Jeff shrugged. “I do recall that he didn’t care about their details. My father tried to tell him that both these cultures had continued to evolve in space. He even said that in many ways they were totally unrecognizable from their ancestral Earth cultures. But all Avery wanted to know was how they had survived as specific entities.”

That was consistent, Derec thought to himself. The guy only cared about his own project and what he could do to improve it.

“He was looking for clues for Robot City,” Ariel said. “To make it endure across the centuries. That’s what he was researching with Professor Leong. He needed to program cultural values into the city. But we haven’t really seen very much of that.”

Derec forced himself to speak. “I’m sure that he reprogrammed the city while we were on Earth. I think after the incidents surrounding the performance of Hamlet, the robot creativity scared him. He couldn’t have his robots committing crimes against each other.”

“The arts aren’t the only part of culture,” said Jeff.

“What do you mean?” Ariel asked.

Derec shifted slightly so that he could hear Jeff better. The hoer moved right along, still hoeing and weeding. The sky above them now looked dark, but a soft glow of light from somewhere illuminated the rows of crops.

“My father gave Avery two reasons for the cultural survival of those groups while they were on Earth. One is that the original cultures had very strong family units that passed values on. The other is that, outside of their native countries, both groups on Earth experienced limited assimilation as minorities and often faced prejudice from the majority culture.”

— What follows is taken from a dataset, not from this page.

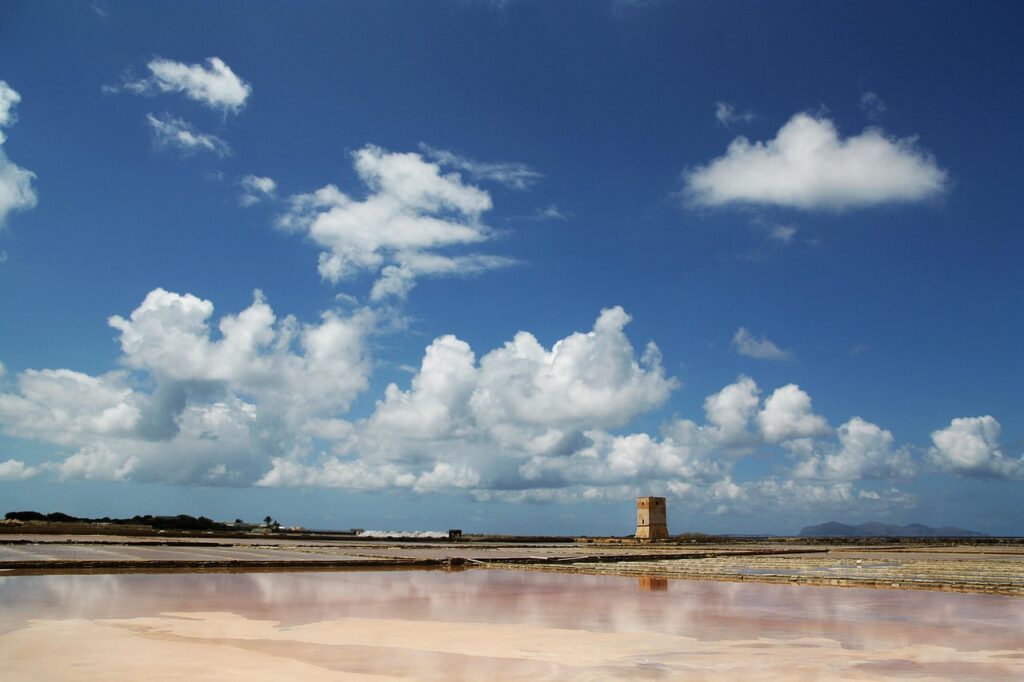 Le saline di Torre Guaceto si estendono su un’area di circa 1.200 ettari, creando un habitat ideale per diverse specie di uccelli migratori e flora tipica della macchia mediterranea. Questa oasi protetta è caratterizzata da paesaggi mozzafiato, dove le tonalità del cielo si fondono con il riflesso dell’acqua salmastra. Durante il tramonto, il cielo si trasforma in una tavolozza di colori caldi, che spazia dall’arancione al rosso, dal rosa al viola, rendendo il quadro naturale ancora più affascinante.

“But only on Earth?” Ariel said.

“That’s right. Modem Spacer families aren’t personally close the way families used to be, I guess. And now the ethnicities are from one planet to another, or Spacer versus Earth.”

“My mother didn’t like Solarians,” said Ariel. “They program their robots funny or something.” She smiled. “She told me a joke once that went-”

“How could Avery have used that information?” Derec asked firmly, stopping her with a hand on her arm.